START Recorded data

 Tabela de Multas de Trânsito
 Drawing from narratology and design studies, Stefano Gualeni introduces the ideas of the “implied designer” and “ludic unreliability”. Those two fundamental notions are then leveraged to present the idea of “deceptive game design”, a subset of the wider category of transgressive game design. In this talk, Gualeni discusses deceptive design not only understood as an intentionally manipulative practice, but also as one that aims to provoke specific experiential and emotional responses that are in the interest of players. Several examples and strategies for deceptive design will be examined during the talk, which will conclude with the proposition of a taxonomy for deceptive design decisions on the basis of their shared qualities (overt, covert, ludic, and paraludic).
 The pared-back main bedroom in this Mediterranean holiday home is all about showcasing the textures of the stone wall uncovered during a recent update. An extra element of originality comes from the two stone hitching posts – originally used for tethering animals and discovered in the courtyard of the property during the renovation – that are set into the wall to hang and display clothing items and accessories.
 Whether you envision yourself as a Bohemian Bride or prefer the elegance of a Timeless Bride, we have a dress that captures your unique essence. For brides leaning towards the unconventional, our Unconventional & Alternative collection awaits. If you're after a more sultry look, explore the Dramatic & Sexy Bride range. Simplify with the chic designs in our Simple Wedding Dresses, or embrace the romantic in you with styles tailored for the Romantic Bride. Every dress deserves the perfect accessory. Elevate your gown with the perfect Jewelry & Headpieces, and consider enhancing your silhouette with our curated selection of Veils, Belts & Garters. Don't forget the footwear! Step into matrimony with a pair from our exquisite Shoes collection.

END Recorded data
START Recorded data

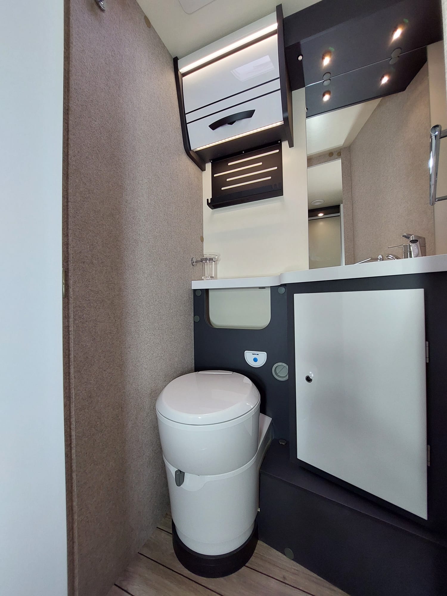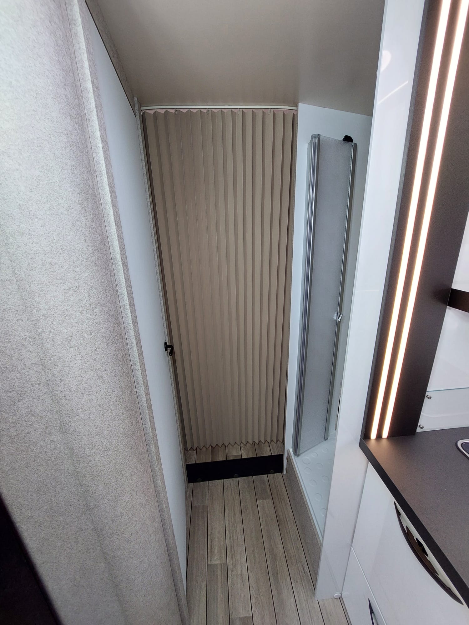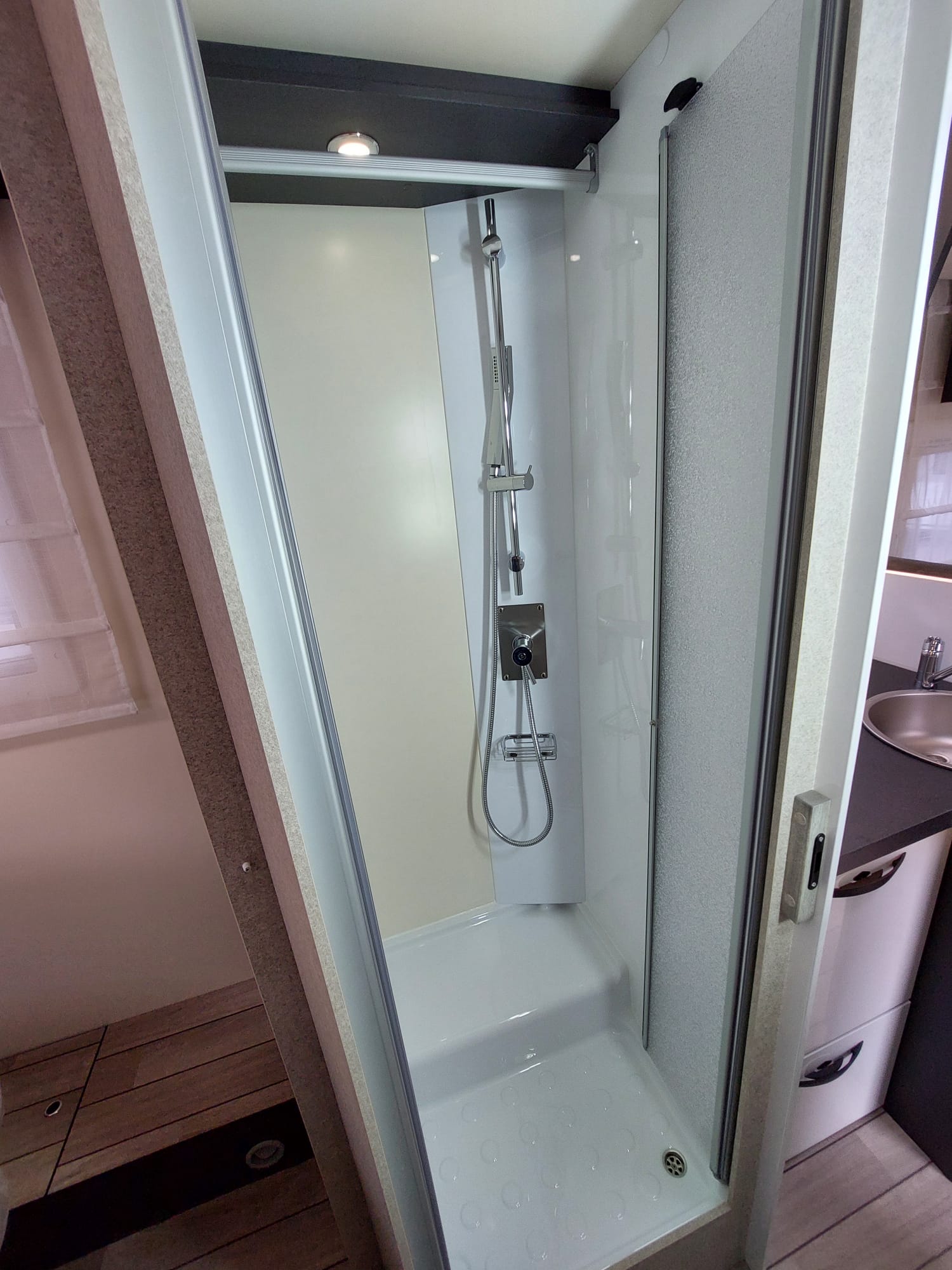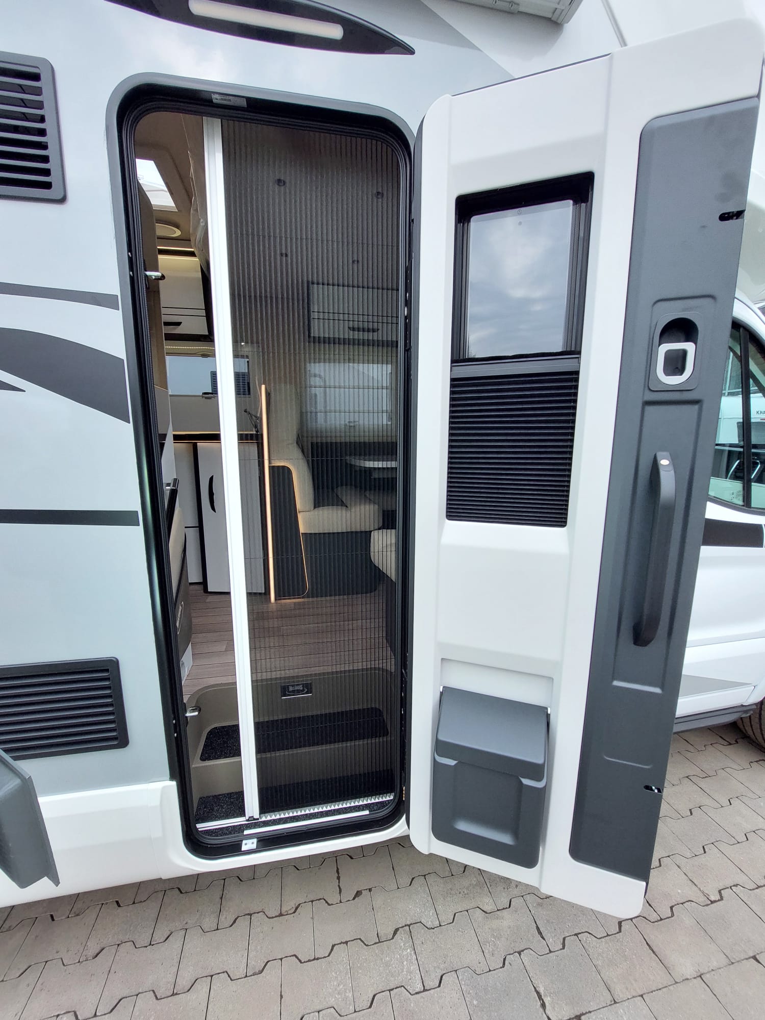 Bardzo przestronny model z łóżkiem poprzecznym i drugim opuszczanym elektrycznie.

END Recorded data

# Work required:
Go through the entries above and count the lines with the word "this", then give only that number.

# Task output:
2